New York is not my country. I do not feel comfortable there, I do not really enjoy my visits, which are therefore rare. But I can see why my mother likes it, its gritty, human reality of it, its glamor and complexity and energy, the street vendors and buskers like lianas on the great trucks of economy, a human upon human rainforest diversity greened by plane trees and ailanthus and the young white oaks of Ground Zero and a pigeon in Battery Park looked up at me in sudden surprise that I'd noticed it. It took two steps back and thought about me and I held its eye and thought about you.

Garrison Keilor likes New York City. It is a cultured and fascinating place for him and he describes the place as he sees it, a home of sorts for him, for part of him, while the other part still live on the prairie, he makes himself a conduits between these two lives, these two world, makes himself the contrasting dot on each half of the Yin Yang symbol every week, his stories now and then rising to the stature of secular homilies.

Watching the show was less of a big deal than I thought it would be; it was very much like listening to the show like normal, which is to say pretty darn good. Have you listened to it? You know those stringed notes and the introductory "from Minnesota Public Radio," that opens like a sonic curtain on the song that starts the show? You can hear that sitting in the audience, with those opening strings the show goes live and you get the thrill of knowing that if you yelled real loud your voice would go out to the nation.

Keilor is tall and awkward-looking and he wears red shoes always (or at least always when hosting the show).
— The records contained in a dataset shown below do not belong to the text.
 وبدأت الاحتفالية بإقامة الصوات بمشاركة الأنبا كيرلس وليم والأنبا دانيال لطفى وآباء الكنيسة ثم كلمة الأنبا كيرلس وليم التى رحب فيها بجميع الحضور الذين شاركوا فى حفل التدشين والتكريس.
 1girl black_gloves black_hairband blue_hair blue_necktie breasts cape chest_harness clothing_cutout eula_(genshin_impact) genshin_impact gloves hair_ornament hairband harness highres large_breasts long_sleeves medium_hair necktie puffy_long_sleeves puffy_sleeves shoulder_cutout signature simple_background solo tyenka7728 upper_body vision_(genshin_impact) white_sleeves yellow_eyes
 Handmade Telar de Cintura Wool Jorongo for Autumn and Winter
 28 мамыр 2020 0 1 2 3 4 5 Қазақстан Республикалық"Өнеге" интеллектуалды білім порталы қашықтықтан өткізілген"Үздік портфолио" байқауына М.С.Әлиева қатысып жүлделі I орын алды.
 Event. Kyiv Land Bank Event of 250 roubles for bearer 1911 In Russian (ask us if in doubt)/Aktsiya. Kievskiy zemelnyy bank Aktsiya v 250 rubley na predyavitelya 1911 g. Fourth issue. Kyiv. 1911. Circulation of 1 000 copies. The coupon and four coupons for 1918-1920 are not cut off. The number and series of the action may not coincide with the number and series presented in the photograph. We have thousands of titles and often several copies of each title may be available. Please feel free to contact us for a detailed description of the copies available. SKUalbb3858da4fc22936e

He is also an irrepressible flirt, which you can hear over the radio. What you cannot hear is that he stands too close to his female guests, stooping over them, invading their space, or at least he did so last week. The women slowly backed up and he advanced, the pair moving gradually across the stage as they spoke and he can't possibly know we can see him doing that, that we notice? Maybe he doesn't notice, and who is going to tell him? But never mind, this, his sonorous voice, has emerged from the dark of radio more often than not every week for all the weeks since that week in my childhood when we came across the show by accident while driving to dinner at a Vietnamese restaurant and my Dad and I let my mother go hungry until the show was over because we wouldn't get out of the car. I had forgotten that, and the story makes me want to buy my mother dinner in recompense, though she has come to love the show, too, this voice, this storyteller, who links time and space, the one thing that does not change as we go along.
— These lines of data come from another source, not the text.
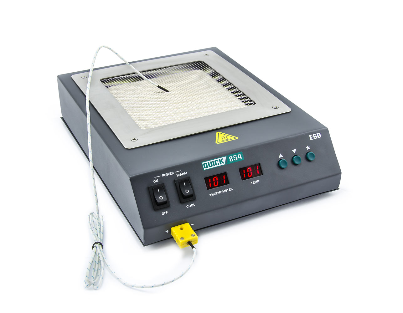 Infračervený keramický predohrev Quick 854 ESD s rýchlym nástupom teploty a plochou ohrevu o veľkosti 124x124mm. Vykurovacie teleso preheateru 854 má výkon 400W a jeho teplotu možno riadiť od 50 do 350 ° C s presnosťou +/- 8 ° C. Teplotná stabilita je 1 ° C. Teplota je spätno-väzobné riadená vďaka vnútornému termočlánku. Predohrev disponuje tiež externou termočlánkovou sondou typu K, ktorú možno umiestniť priamo na PCB pre presnú ručnú korekciu teploty požadovanej teploty. Podohrev disponuje aj funkciou rýchleho navolenia uloženej teploty. Systém PID kontrol zabezpečuje presnú a stabilnú teplotu.
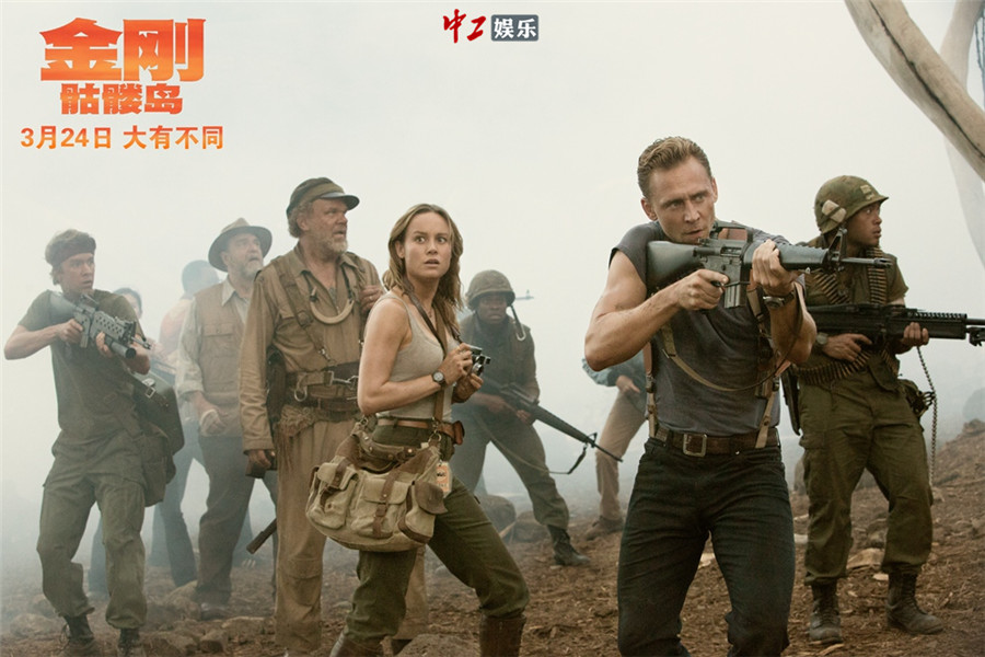 由乔丹·沃格-罗伯茨执导,汤姆·希德勒斯顿、塞缪尔·杰克逊、布丽·拉尔森、约翰·古德曼、景甜、约翰·C·赖利和托比·凯贝尔联袂出演的好莱坞动作冒险巨制《金刚:骷髅岛》将于3月24日以2D、3D、IMAX3D、中国巨幕3D、杜比全景声、杜比视界、临境音制式登陆全国院线。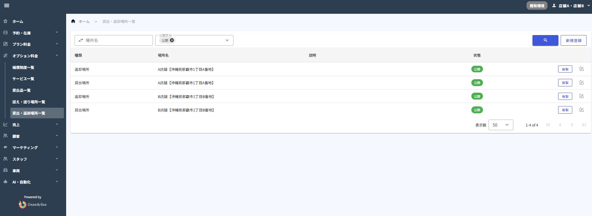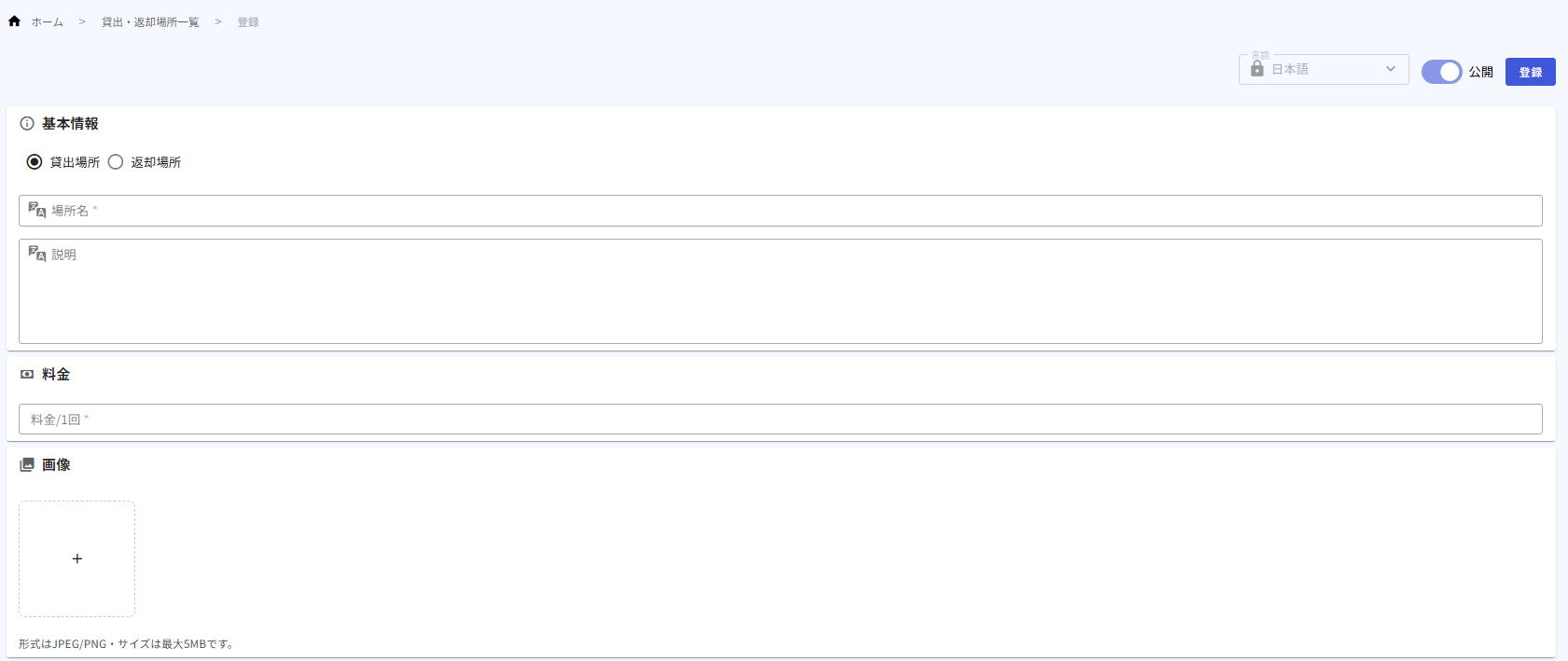 貸出・返却場所の設定方法は? 貸出場所・返却場所を設定することが可能です。 (1)サイドバーのオプション料金より貸出場所・返却場所一覧を選択することで遷移する一覧画面より新規登録をクリックします。 (2)貸出場所・返却場所のどちらを登録するかチェックを行う (3)場所名・説明文を入力 (4)料金を入力※無料の場合は0と入力 (5)画像を登録登録を押下することで補償制度の登録が完了します。
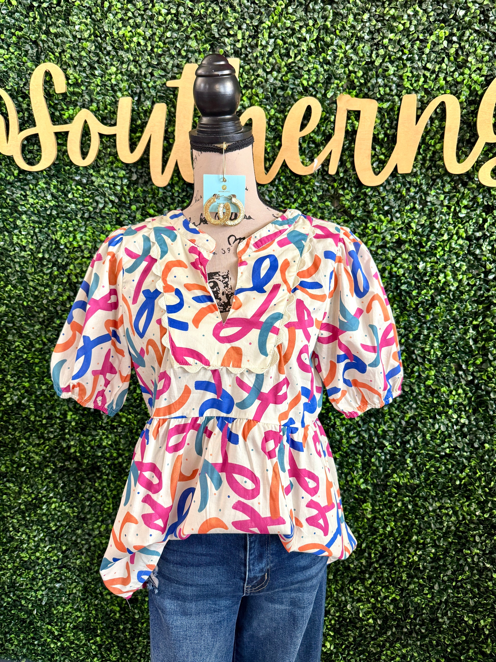 Introducing the Connie Top from Umgee—a fresh take on effortless style. This v-neck beauty features eye-catching bold print and romantic puff sleeves that add dimension and movement to your everyday look. The flattering neckline and voluminous sleeves create a modern silhouette that works beautifully for both casual outings and dressed-up occasions. Perfect for layering or wearing solo, the Connie Top brings personality and polish to any wardrobe. Elevate your style with this must-have piece that combines comfort with contemporary flair.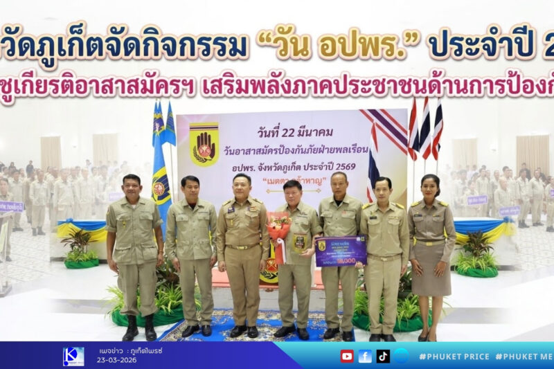 จังหวัดภูเก็ตจัดกิจกรรม “วัน อปพร.” ประจำปี 2569 เชิดชูเกียรติอาสาสมัครฯ เสริมพลังภาคประชาชนด้านการป้องกันภัย . วันนี้ (23 มีนาคม 2569) จังหวัดภูเก็ตจัดกิจกรรมเนื่องใน “วันอาสาสมัครป้องกันภัยฝ่ายพลเรือน (อปพร.)” ประจำปี 2569 ณ หอประชุมมหิศรภักดี ศาลากลางจังหวั…

And this week, today, back in my living room eating Chinese take-out with my sweetie and the half-decorated Yule tree, I hear the opening strings and the sound is a conduit, an auditory passageway through the blind night and I know at that at the theater in New York the show has gone live and all across the nation millions of people are united in single experience and right now the man in the red shoes smiles awkwardly and sings;

Ah, hear that old piano
comin' down the avenue
I smell the spruce trees
I look around for you
my sweet, sweet old someone
comin' through that door.
It's Saturday, the band in playin'
Honey could we ask for more?

No, at the moment we couldn't.

--best, at ever,
Caroline

Friday, December 7, 2012

Hawk Eyes

Hello, my friend,

I saw FIVE hawks today. I'm not sure what kind--they all looked to be about the same size, maybe roughly osprey sized, but not ospreys. I got a good look at one and it was brown and white, with a white chest and belly, no stripes or spots. But the thing is, I didn't just happen to see them. I looked for them and they appeared.
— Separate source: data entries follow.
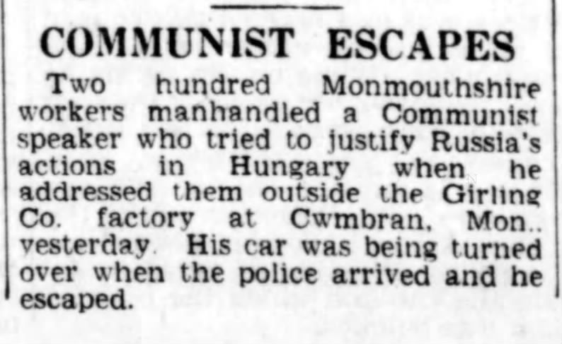 The Daily Telegraph reported on one Communist coming under attack from 200 workers in Monmouthshire, south-east Wales, as he “tried to justify Russia’s actions in Hungary”. Police arrived as his car was being turned over on to its back. Communists like this, with their unquestioning support for the Moscow line, were referred to as “tankies”, especially by Trotskyists on the European left.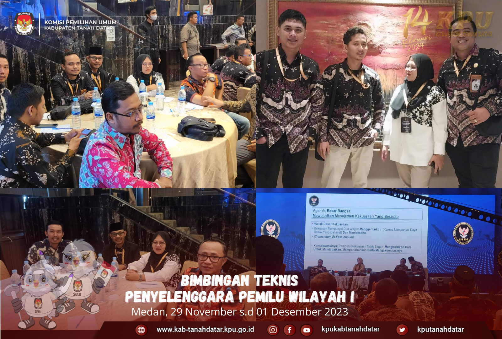 #sobat JDIH, Medan/ 29 November 2023 -KPU Tanah Datar mengikuti Bimbingan Teknis Penyelenggara Pemilu Wilayah I yang dilaksanakan oleh Dewan Kehormatan Penyelenggara Pemilu (DKPP), di Kota Medan /29 November 2023 – 1 Desember 2023. Bimtek dilaksanakan di LePolonia Hotel & Convention dan diikuti oleh seluruh Jajaran KPU dan Bawaslu yang diwakili oleh Divisi Hukum dan Pengawasan di lingkup Wilayah I, meliputi : Provinsi Aceh, Sumatera Utara, Sumatera Barat, Kepulauan Riau, Riau, Jambi, Bengkulu, dan Bangka Belitung. Hadir pada kegiatan itu Pangdam 1 Bukit Barisan, Kapolda Sumut, Ketua KPU Sumut, Ketua Bawaslu Sumut, serta seluruh peserta dari KPU Bawaslu serta TPD se Sumatera. Untuk KPU Kabupaten Tanah Datar dihadiri oleh Ketua Divisi Hukum dan Pengawasan, Nini Karlina.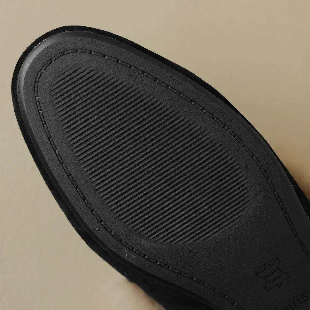 A luxuriously soft exterior meets a plush, cosy interior to deliver warmth and indulgent comfort with every step. The thoughtfully shaped silhouette features a structured square toe and clean panelling, offering a refined look with subtle character—never overstated. Ideal for chilly mornings, quick errands, or elevating casual layers with something polished yet relaxed.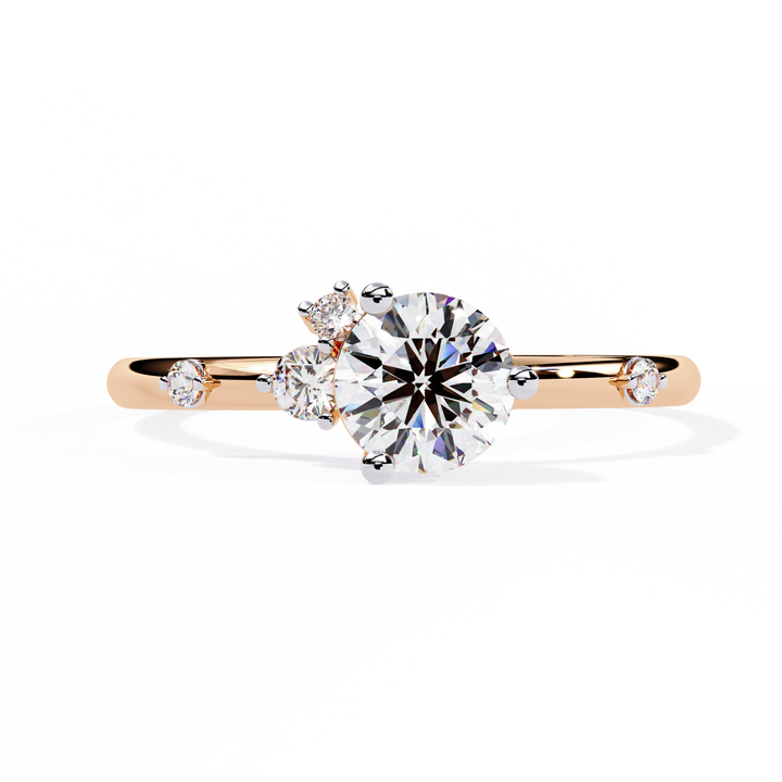 Bague de fiançailles moderne en diamant de laboratoire de coupe ronde asymétrique, bijoux de mariée contemporains uniques, bague cadeau raffinée

I was not officially birdwatching. We drove up to my Mom's house today, the first stage in a brief trip to New York, and Chris was driving so I was free to look out the window. The road is mostly lined with forest, and at one point I saw a large lump high up in one of the trees. I thought "that kind of looks like a hawk. I'm going to look and see if it is a hawk." And it was. It's not uncommon for me to see hawks by the side of the road, but normally I see the hawk first and then I notice it; it's hawkishness impresses itself on my mind before I really see the bird consciously, so I have only a few seconds to really look--is that really a hawk?--before I pass out of view around the corner. This time I saw what could be a hawk, a potential hawk, an undifferentiated waveform of probable hawk, and I decided to focus my attention on it the way I might focus my eyes upon something, I focused and what came into focus was a hawk.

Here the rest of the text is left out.